8 января были решены последние спорные вопросы. Великий князь узнал, что такое новгородская «соха»: «три обжи соха, а обжа — один человек на одной лошади ореть (пашет.— Ю. А.), а хто на трех лошадех и сам третей ореть, ино то соха». И вот на все «сохи Новгородской земли, во всех волостях, и на Двине, и на Заволочье, «на всяком, хто ни паши землю», была наложена одинаковая ежегодная дань —прямые денежные платежи в государственную казну: по полугривне (семь новгородских денег) на год. Тяжела ли была эта дань? На обжу высевалось три-четыре коробьи ржи и соответствующее количество овса, в среднеурожайный год она приносила валовой доход примерно в десять новгородских гривен. На соху приходилось тридцать гривен, из которых дань составляла одну шестидесятую часть. Если считать, что за вычетом расходов на потребление и семян для посева в распоряжении крестьянского хозяйства оставалось не более трети валового дохода, то и тогда размер дани не покажется слишком обременительным. Неудивительно, что смерды Новгородской земли отнюдь невыступали против новой власти, против подчинения единому Русскому государству. Но платить должны были все, в том числе и те, кто раньше был освобожден от повинностей, — и боярские ключники, и сельские старосты, и одерноватые (полные) холопы, посаженные на землю. В новом государстве стиралась разница между разрядами сельского населения. Феодальное развитие переходило на новый этап. И опять великий князь «пожаловал» отчину свою — согласился не посылать своих писцов и данщиков, а доверить сбор дани самим новгородцам, «а хто утаит хотя одну обжу... и великие князи того казнят». Последний вопрос — о Ярославовом дворе. 12 января был решен и он, разумеется так, как хотел великий князь. И список целовальный «на чем... крест целовати всему Великому Новугороду» был послан в город с дьяком Андреем Одинцом. «И отчина их тот список слышали...» Андрей Одинец должен был предъявить список во владычной палате. Затем его зачитали на вече. По-видимому, именно в этот день, 11 января 1478 года, вече собиралось в последний раз.

Запись целовальную привезли обратно на «Паозерье». Новгородский дьяк списал ее

«слово в слово» — ее должен был теперь подписать владыка «своею рукою», да и «печать свою приложити». И посадники от каждого из пяти концов тоже должны были приложить свои печати.

Через день, 13 января, владыка и бояре, житьи и купцы явились снова на «Паозерье». Целовальная грамота была уже оформлена, подписана и запечатана всеми печатями. Начался обряд крестоцелования. «Лучшие люди» принимали присягу здесь же, перед боярами великого князя.

А все Ардове новгородцы целовали крест в четверг, 15 января.

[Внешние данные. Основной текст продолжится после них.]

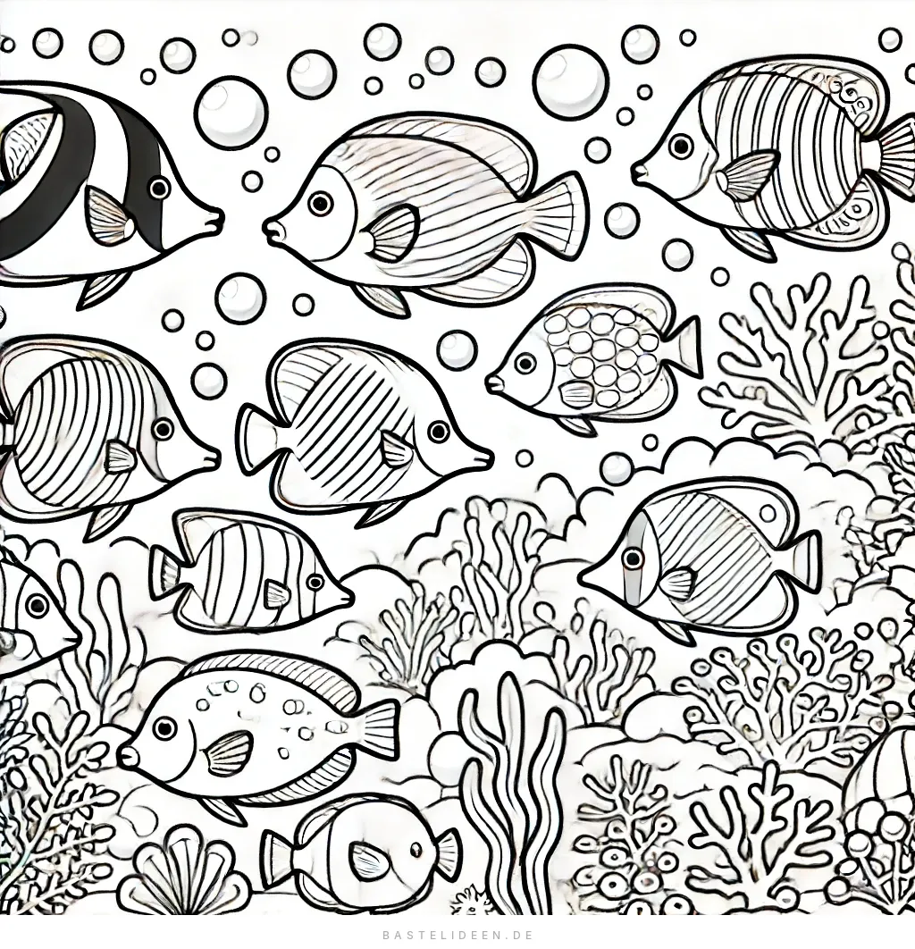 Dieses faszinierende Ausmalbild zeigt eine lebendige Unterwasserszene mit verschiedenen tropischen Fischen, die zwischen Korallenriffen und Blasen schwimmen.

Настал последний день феодальной республики. В этот день в городе уже не собиралось вече. Князь Иван Юрьевич Патрикеев в сопровождении Федора Давыдовича Хромого, князя Ивана Стриги Оболенского и Василия и Ивана Борисовичей Тучков Морозовых явился во владычную палату. После краткого вступительного слова главы делегации на владычном дворе начали приводить ко кресту бояр и житьих, которые не были на «Паозерье». А в каждом из пяти концов великокняжеские дети боярские и дьяки приводили к целованию всех прочих. «Все целовали люди» — даже жены боярские и вдовы, даже «люди боярские» — зависимые от господ слуги.

Три дня спустя новгородские феодалы принесли особую феодальную присягу — отныне они превратились в служилых людей великого князя всея Руси. А 20 января из Новгорода в Москву помчался гонец с вестью, что великий князь «отчияу свою, Великыи Новгарод... привел в свою волю в учинился на нем государем, как и на Москве».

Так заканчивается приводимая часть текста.